The Strongman-Guiler nature reserve can be accessed through Front Rd. From Hwy 24, turn south onto Fisher’s Glen Rd., just south of Vittoria. Turn right onto Front Rd. in the town of Fisher’s Glen, the reserve is on the south side of the road.
The Shirley & George Pond Nature Reserve: Protection of a water source for Turkey Point Wetlands
Once fully restored, this 80-acre nature reserve along the Lake Erie shoreline will connect inland woodlands with coastal marshes and help connect 1.2km of forested stream corridor. The project will create an important wildlife habitat corridor, buffer interior forests and benefit water quality in an internationally-significant Great Lakes watershed and wetland, such as Forestville Creek, Turkey Point Marsh and Long Point Bay.

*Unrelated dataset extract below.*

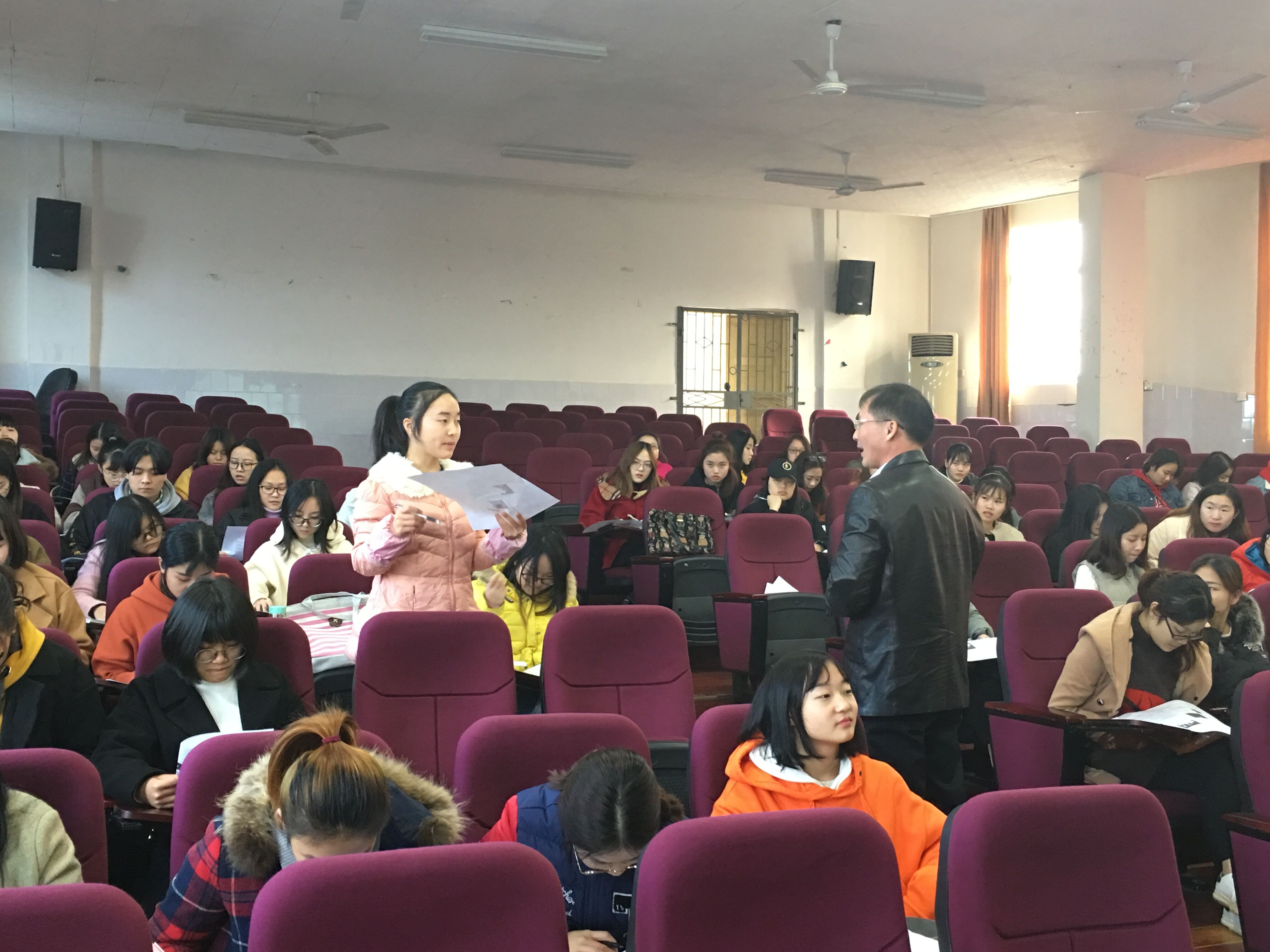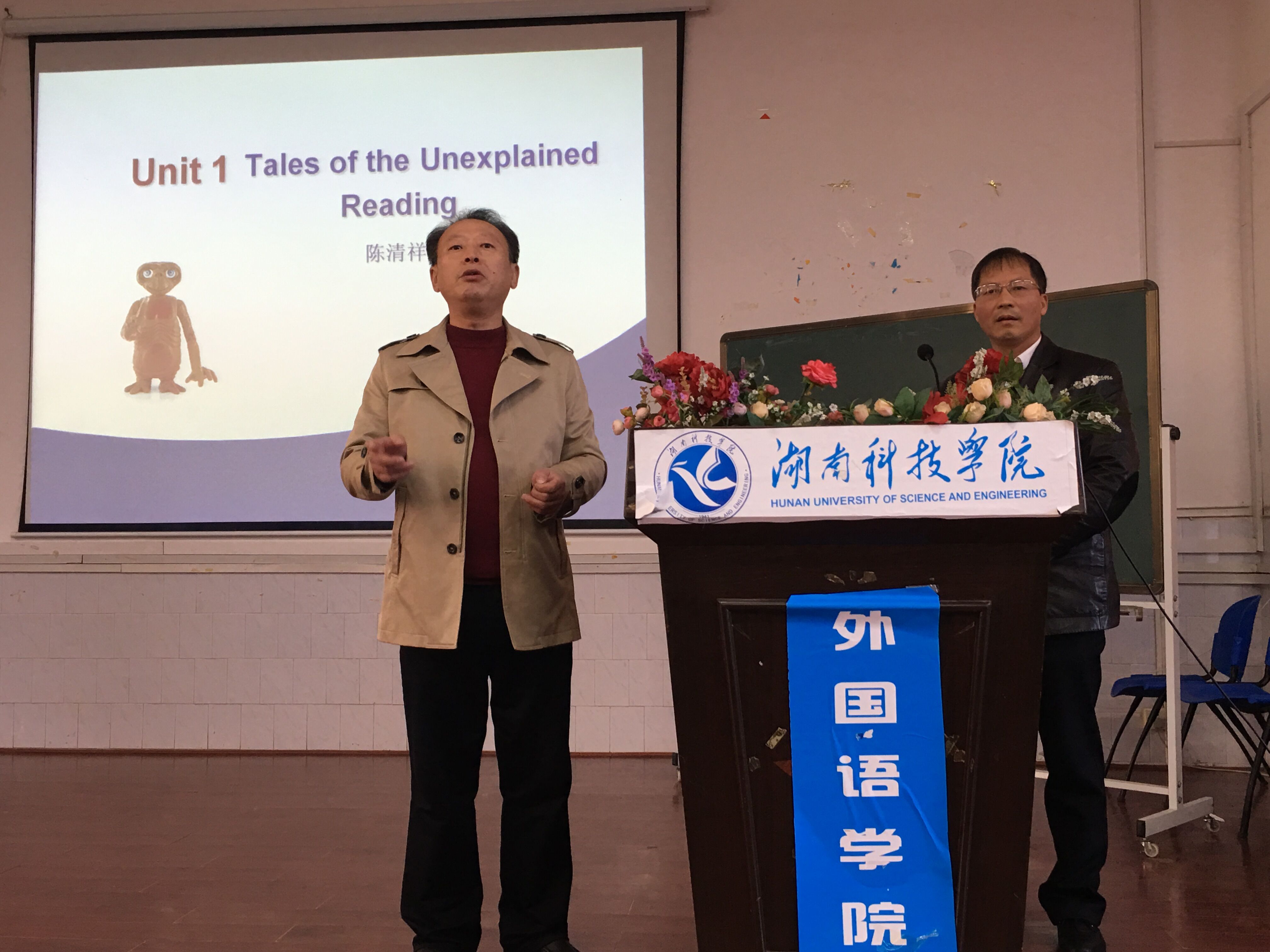 本网讯(通讯员 杜俊杰)12月5日下午,外国语学院邀请87级校友、宁远一中副校长、正高级英语教师陈清祥来校为15级英语师范专业学生讲学。外国语学院院长欧华恩主持讲座。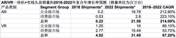 報(bào)告中稱(chēng),AR和VR一體機(jī)和有線(xiàn)頭顯全球銷(xiāo)量到2018年預(yù)計(jì)達(dá)420萬(wàn)臺(tái),與2017年相比提高31%。到2022年,銷(xiāo)量將增加到5310萬(wàn)臺(tái),復(fù)合年增長(zhǎng)率(CAGR)達(dá)88%。雖然目前眼鏡盒子占了大部分頭顯市場(chǎng),但是在2018到2022年之間銷(xiāo)量會(huì)下降,復(fù)合年增長(zhǎng)率降為-1%(不過(guò)外媒對(duì)此有所懷疑,畢竟三星為了宣傳Galaxy手機(jī)一直在免費(fèi)贈(zèng)送頭顯盒子)。

Nestled just north of the Turkey Point Marsh, the Shirley & George Pond Nature Reserve will protect scenic Carolinian countryside and a diversity of habitats, including woodlands, meadow, shrubland and the east branch of Forestville Creek. The protection and ecological restoration of this retired orchard property will make an invaluable contribution to nature conservation and fill in the “missing link” of woodland along this cold water stream. The property will also contribute to broader conservation efforts to protect species at risk such as Louisiana Waterthrush, American Badger, Blanding’s Turtle and Eastern Hog-nosed Snake and restore natural habitats in the Southern Norfolk Sand Plain.
The Pond Reserve can be accessed via Front Road, approximately 2 km west of Turkey Point Road. The property is on the north side of the road and has a parking area, accessible only when the entrance gate is open. When the gate is unopened, there is space for a single vehicle to park safely.

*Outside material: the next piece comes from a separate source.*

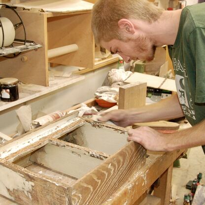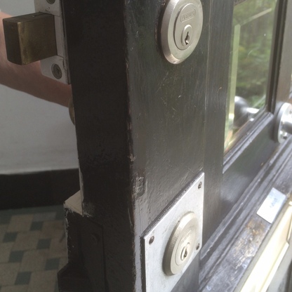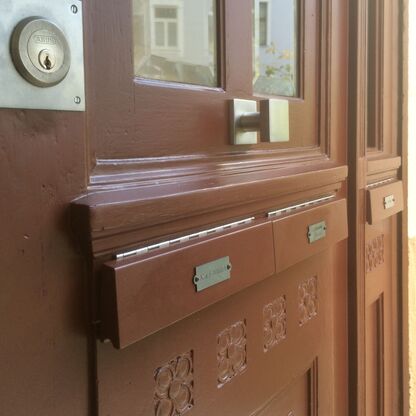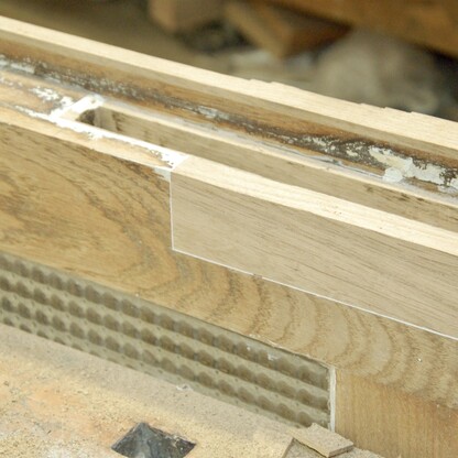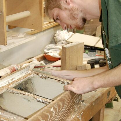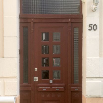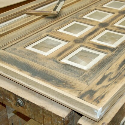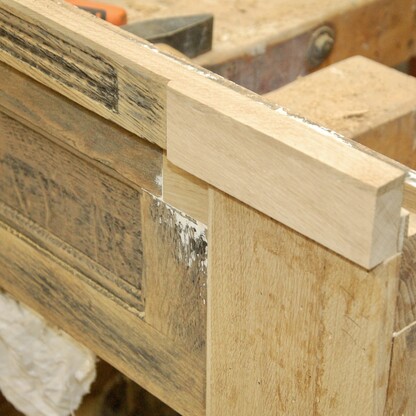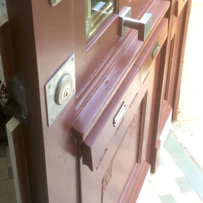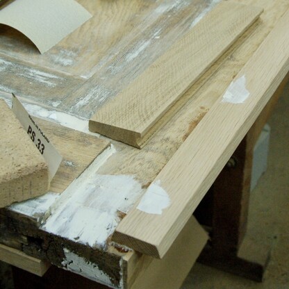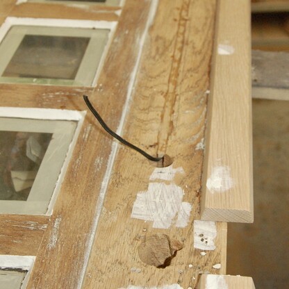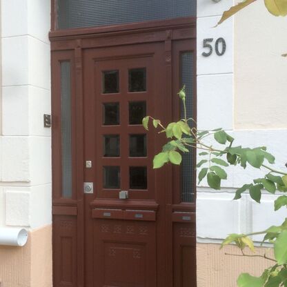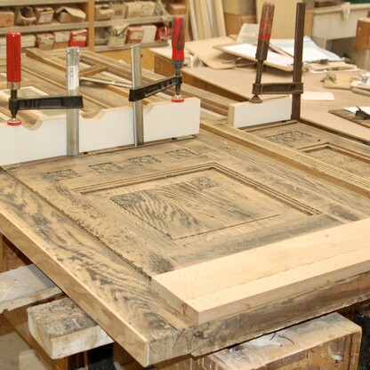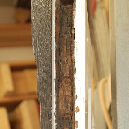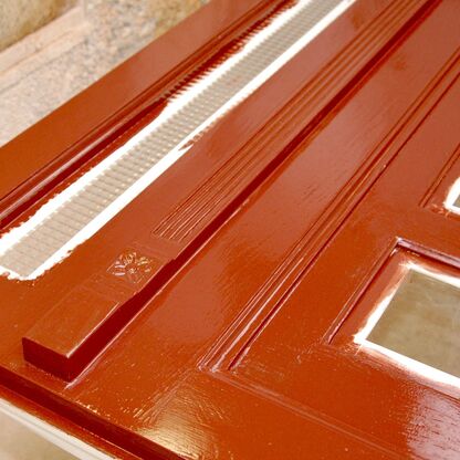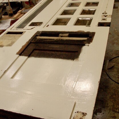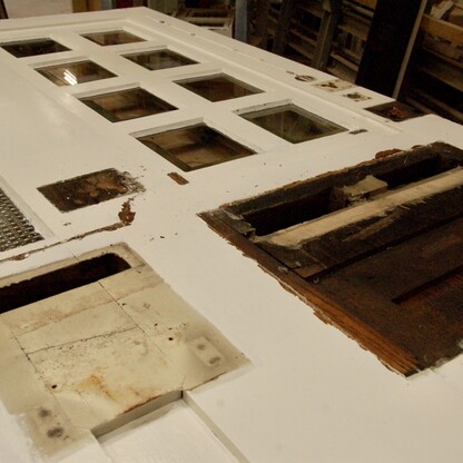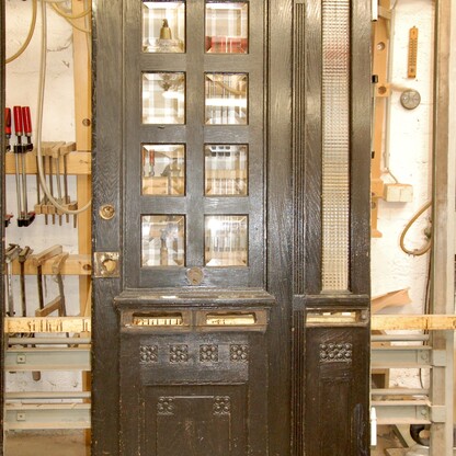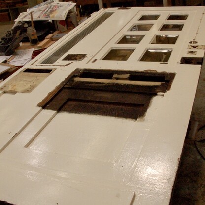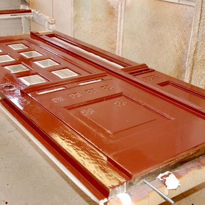 Begleiten Sie uns in der Bildergalerie durch die einzelnen Arbeitsschritte der Restaurierung der Haustür - von der Demontage bis zum Wiedereinbau.

The Delhi Wetland Nature Reserve: A Great Gift to Nature
In the spring of 2011, LPBLT acquired its third nature reserve, as a result of a generous gift by the Cecilia and Joe Kiss family. A large portion of this property, located near Delhi in Norfolk County, is designated as provincially-significant wetland.
Nestled in a deep valley alongside Big Creek north of Delhi, the property is as diverse ecologically as it is varied topographically. Despite its relatively small size (12 acres), the property includes a diversity of habitat types, including: mature hemlock and hardwood forests on the ravine slopes and uplands; a small stream flowing through the narrow valley; a perched grass and sedge wetland; and, a cedar-fringed ox-bow pond at the property’s lowest elevations.

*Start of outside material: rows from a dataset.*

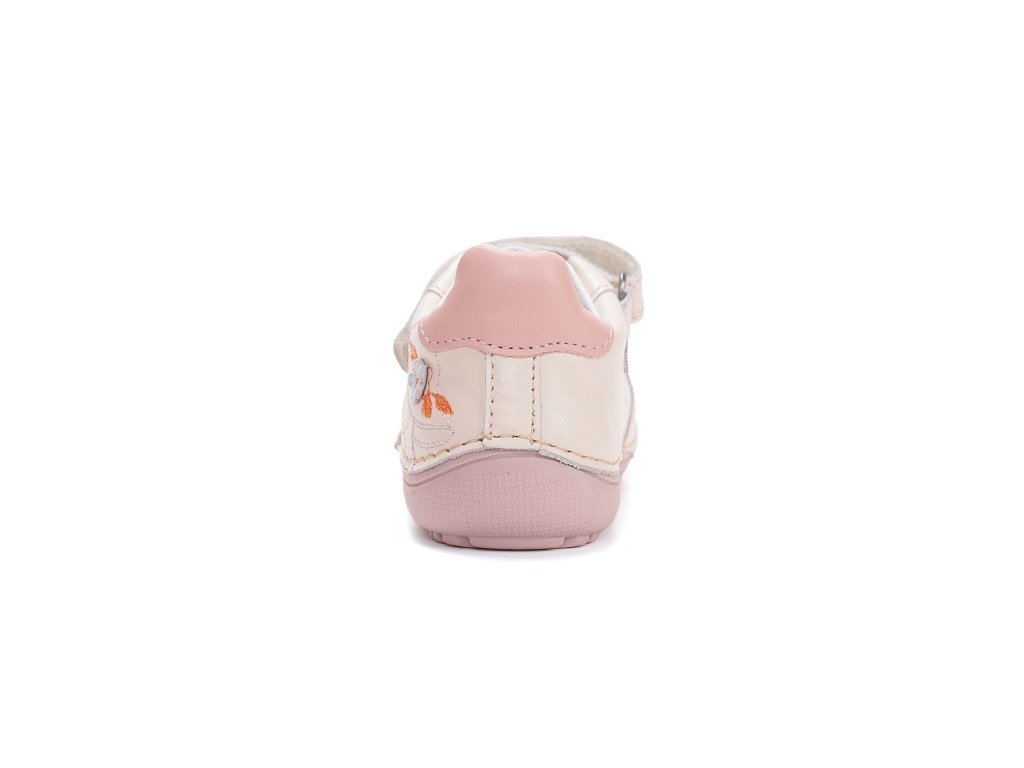 D.D.STEP 063 sú štýlové dievčenské barefoot topánky ideálne na prechodné obdobie. Vďaka anatomicky tvarovanej širokej špičke poskytujú dostatok priestoru pre prirodzený pohyb prstov a zdravý vývoj detského chodidla. Zvršok je vyrobený z kvalitnej bielej kože zdobenej jemnou kvetinovou výšivkou. Topánky disponujú veľmi ohybnou a ľahkou podrážkou, ktorá neobmedzuje v pohybe. Vnútorná kožená stielka a podšívka zabezpečujú maximálny komfort a priedušnosť počas celodenného nosenia. Zapínanie na dva suché zipsy umožňuje rýchle obutie a dobrú reguláciu okolo priehlavku.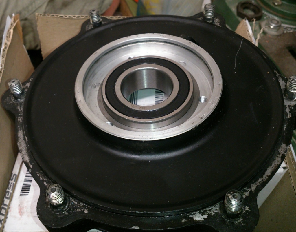 Der KBT wurde nach der Kettenblattzentrierung ausgerichtet, und der Lagersitz zusammen mit der ehem. Dichtscheibenbefestigung ausgedreht, damit das koaxial ist. Dann passt auch die Haltescheibe, die an Innen- und Aussendurchmesser einen Presssitz von ca. 2/100 hat. Die Gewinde in der Scheibe sind zum Abdrücken, brauchts aber nicht, weil man das Lager ja von hint auspressen kann.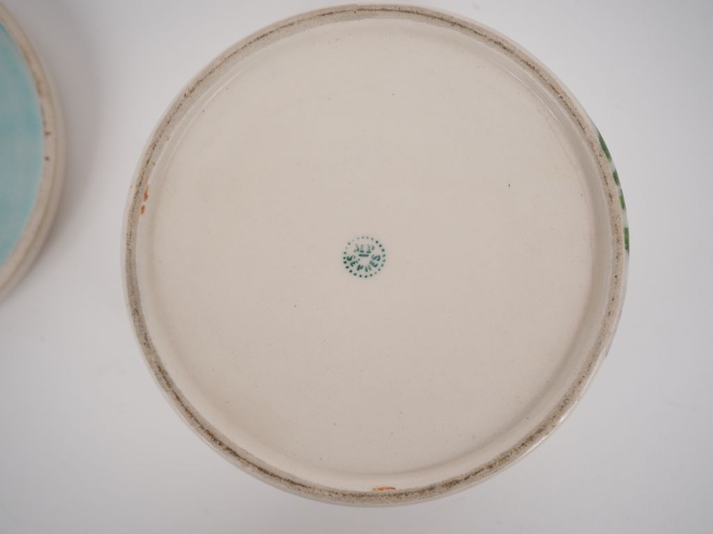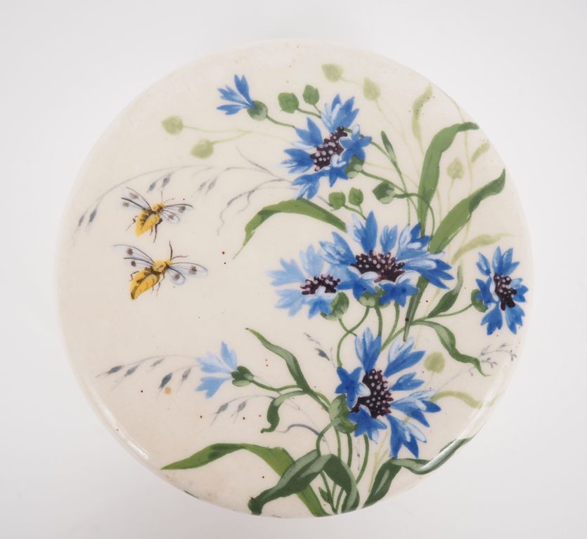 Paul MILET. Bonbonnière Art Déco en céramique à décor polychrome de barbeaux et d'abeilles. H. 6 cm Diam. 11,6 cm

The donation of this ecologically-significant property demonstrates the importance of long-term stewardship of natural areas by private landowners. LPBLT is grateful to the Kiss and Woytas family for entrusting us with the future stewardship of this property.
The property is located in the Big Creek valley immediately north of Delhi on the east side of Swimming Pool Road. The property can be viewed and appreciated from a pleasant lookout point at the south end (enter from the Delhi cemetery and park at the north end). Because of the rugged and steep terrain, visitors are asked not to explore past the lookout, without permission.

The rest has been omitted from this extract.